Occasionally I tend to wander through my image archives and discover quite a few images actually that I haven’t processed for the website. Just like a bird preening, perhaps there is a grain of sand I haven’t plucked out yet. A friend jokingly said one day – “hey, you post these old pictures and people think you have been to new places?” Well, the picture may be “old” from when the shutter was pressed, but certainly new ‘to the world’ if I have never shown it before. Is it considered somehow uncouth in the photoblogger world to dig into the past?

Western Gull preening, La Jolla, CA Apr 2004
And I have a lot of them! Not necessarily all of them I will show – they can find those when I am dead. Think about it, my online nature photography gallery has 1296 images in it – this one makes 1297. The image catalog number is 8327 – so there are 7,000 images I have cataloged that aren’t shown yet, plus a lot more that are listed as uncataloged. I don’t think I will ever have the time to show them all if I wanted to. It makes you think about the volume of photography out there, not only in our own lives, but multiply that by the billions of people on this planet.

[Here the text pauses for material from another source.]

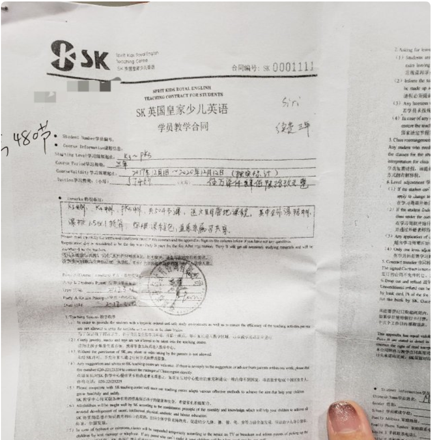 ▲家長提供合同顯示課時和款項

Digital photography certainly has contributed to the volume of images shared, not only taken. Photoblogs, photo sharing sites, online albums and galleries – how could someone possibly see them all? And if you see an image that may be 2 years old or 50 years old – is it any less new to your eyes? And perhaps with so much photography out there, it is easy to become too saturated – and perhaps only the occasional few will actually stick in our heads.